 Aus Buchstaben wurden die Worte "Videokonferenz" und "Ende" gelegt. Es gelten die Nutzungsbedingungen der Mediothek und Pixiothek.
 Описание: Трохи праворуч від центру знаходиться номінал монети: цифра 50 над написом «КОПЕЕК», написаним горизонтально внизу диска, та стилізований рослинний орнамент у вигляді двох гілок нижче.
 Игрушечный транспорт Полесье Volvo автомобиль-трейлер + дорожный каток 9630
--
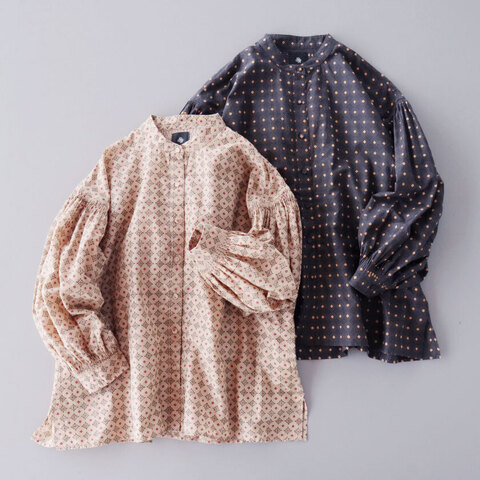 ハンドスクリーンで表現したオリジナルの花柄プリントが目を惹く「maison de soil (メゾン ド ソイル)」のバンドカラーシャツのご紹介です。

Exercise instructions »
What you give back must be the stretch above, starting at the line with "Aus Buchstaben wurden" and ending at the line with "Игрушечный транспорт Полесье", copied exactly.

Result of the task »
 Aus Buchstaben wurden die Worte "Videokonferenz" und "Ende" gelegt. Es gelten die Nutzungsbedingungen der Mediothek und Pixiothek.
 Описание: Трохи праворуч від центру знаходиться номінал монети: цифра 50 над написом «КОПЕЕК», написаним горизонтально внизу диска, та стилізований рослинний орнамент у вигляді двох гілок нижче.
 Игрушечный транспорт Полесье Volvo автомобиль-трейлер + дорожный каток 9630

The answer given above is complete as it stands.